Downloading the file from Andrej Karpathy's GitHub repo:

In [1]:
from tensorflow import keras
import os

filepath = os.path.join(os.getcwd(), 'datasets', 'shakespeare', 'input.txt')
with open(filepath) as f:
    shakespeare_text = f.read()

Next, we must encode every character as an integer. We will use `Tokenizer` for this. 

In [2]:
tokenizer = keras.preprocessing.text.Tokenizer(char_level=True)
tokenizer.fit_on_texts([shakespeare_text])

Let's quickly check what it does: 

In [3]:
tokenizer.texts_to_sequences(["Hello"])

[[7, 2, 12, 12, 4]]

In [4]:
tokenizer.sequences_to_texts([[7, 2, 12, 12, 4]])

['h e l l o']

In [5]:
max_id = len(tokenizer.word_index) # number of distinct characters

In [6]:
dataset_size = tokenizer.document_count # total number of characters

In [8]:
import numpy as np

[encoded] = np.array(tokenizer.texts_to_sequences([shakespeare_text])) - 1 # starting from 0

#### How to Split a Sequential Dataset

It is very important to avoid any overlap between the training set, the validation set, and the test set. It would also be a good idea to leave a gap between these sets to avoid the risk of a paragraph overlapping over two sets.

In our case, let's keep 90% for the training set:

In [10]:
import tensorflow as tf

train_size = dataset_size * 90 // 100
dataset = tf.data.Dataset.from_tensor_slices(encoded[:train_size])

#### Chopping the Sequential Dataset into Multiple Windows

Now we have a single very long sequence of characters. We can't just train our RNN on it.
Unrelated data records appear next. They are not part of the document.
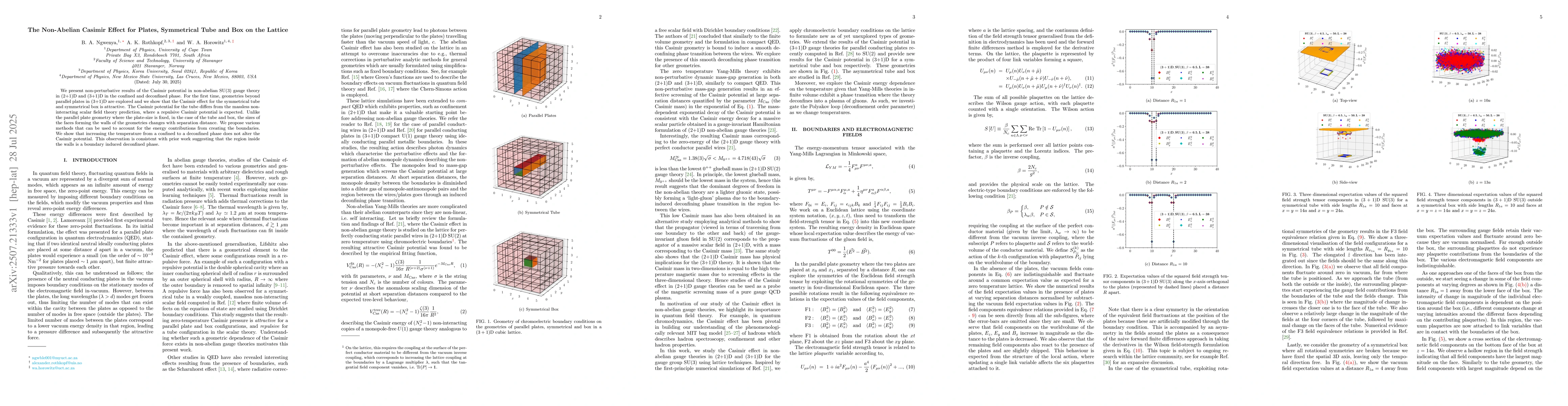 We present non-perturbative results of the Casimir potential in non-abelian SU(3) gauge theory in (2+1)D and (3+1)D in the confined and deconfined phase. For the first time, geometries beyond parallel plates in (3+1)D are explored and we show that the Casimir effect for the symmetrical tube and symmetrical box is attractive. The Casimir potential for the tube differs from the massless non-interacting scalar field theory prediction, where a repulsive Casimir potential is expected. Unlike the parallel plate geometry where the plate-size is fixed, in the case of the tube and box, the sizes of the faces forming the walls of the geometries changes with separation distance. We propose various methods that can be used to account for the energy contributions from creating the boundaries. We show that increasing the temperature from a confined to a deconfined phase does not alter the Casimir potential. This observation is consistent with prior work suggesting that the region inside the walls is a boundary induced deconfined phase.
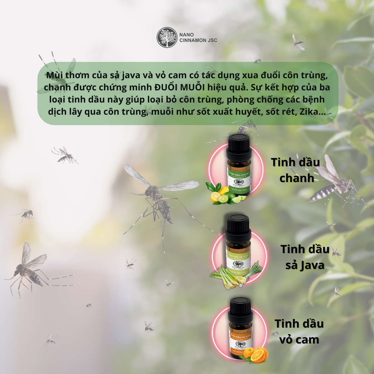 Combo Tinh Dầu Đuổi Côn Trùng, Đuổi Muỗi Nano Cinnamon - Cam, Chanh, Sả, 30ml
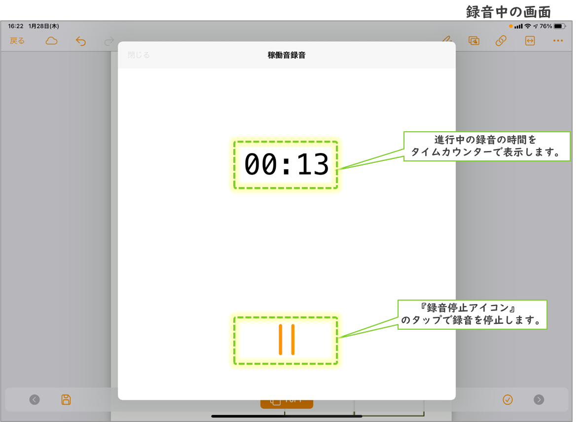 録音専用の画面の下部の「録音マイクアイコン」をタップし、録音を開始します。
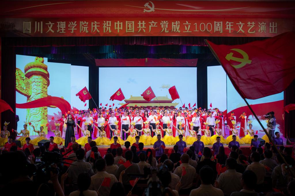 党委书记王成端,党委副书记、校长刁永锋,市委常委、政法委书记、副市长丁应虎,党委副书记侯忠明,副校长李壮成、徐晓宗、朱兴华、邓杰、程碧英及市人大、市委组织部、市纪委监委、市教育局、市科技局、市自然资源和规划局、达州职业技术学院、达州市文化旅游投资公司等单位领导出席,与师生400多人共同观看演出,回顾中国共产党成立100年来波澜壮阔的光辉历程,共同祝福伟大的党带领中国人民迈进新征程、奋进新时代。

Let's use `window` to to convert this long sequence of characters into many smaller windows of text.

In [11]:
n_steps = 100
window_length = n_steps + 1 # target = input shifted 1 character ahead
dataset = dataset.window(window_length, shift=1, drop_remainder=True)

By default, windows are **not** overlapping, but we used `shift=1` to make them so. We drop remainder to keep all the windows to 101 character length. 

In [12]:
# flattening our dataset
dataset = dataset.flat_map(lambda window: window.batch(window_length))

Now the dataset contains consecutive windows of 101 characters each. To get the best out of Gradient Descent, we can batch the windows and then separate the inputs (first 100 chars) from the target (last char). 

In [13]:
batch_size = 32
dataset = dataset.shuffle(10000).batch(batch_size)
dataset = dataset.map(lambda windows: (windows[:, :-1], windows[:, 1:]))

Let's encode each character: 

In [14]:
dataset = dataset.map(
    lambda X_batch, Y_batch: (tf.one_hot(X_batch, depth = max_id),
Y_batch))

In [15]:
# prefetching
dataset = dataset.prefetch(1)